■ PROMPT
Below this line is a set of entries; quote exactly the lines from the line that contains "たくさんの落ち葉を拾いながら" to the line that contains "No hay pruebas", both lines included.

■ MATERIAL PROVIDED
* * * *

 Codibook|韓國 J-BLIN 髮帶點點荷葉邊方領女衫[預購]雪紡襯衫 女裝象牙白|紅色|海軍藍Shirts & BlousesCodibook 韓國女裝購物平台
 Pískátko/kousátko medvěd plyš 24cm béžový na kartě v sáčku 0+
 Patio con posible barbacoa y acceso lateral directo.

* * * *

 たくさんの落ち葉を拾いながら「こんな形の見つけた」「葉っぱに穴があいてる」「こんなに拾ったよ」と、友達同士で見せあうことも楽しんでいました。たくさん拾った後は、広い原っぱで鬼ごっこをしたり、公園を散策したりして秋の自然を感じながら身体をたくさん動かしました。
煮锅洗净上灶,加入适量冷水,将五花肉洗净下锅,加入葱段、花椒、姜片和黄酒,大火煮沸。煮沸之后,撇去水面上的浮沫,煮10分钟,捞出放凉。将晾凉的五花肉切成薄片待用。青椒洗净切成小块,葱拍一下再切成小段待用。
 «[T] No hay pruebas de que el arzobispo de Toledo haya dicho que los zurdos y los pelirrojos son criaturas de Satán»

* * * *

■ EXERCISE RESULT
 たくさんの落ち葉を拾いながら「こんな形の見つけた」「葉っぱに穴があいてる」「こんなに拾ったよ」と、友達同士で見せあうことも楽しんでいました。たくさん拾った後は、広い原っぱで鬼ごっこをしたり、公園を散策したりして秋の自然を感じながら身体をたくさん動かしました。
煮锅洗净上灶,加入适量冷水,将五花肉洗净下锅,加入葱段、花椒、姜片和黄酒,大火煮沸。煮沸之后,撇去水面上的浮沫,煮10分钟,捞出放凉。将晾凉的五花肉切成薄片待用。青椒洗净切成小块,葱拍一下再切成小段待用。
 «[T] No hay pruebas de que el arzobispo de Toledo haya dicho que los zurdos y los pelirrojos son criaturas de Satán»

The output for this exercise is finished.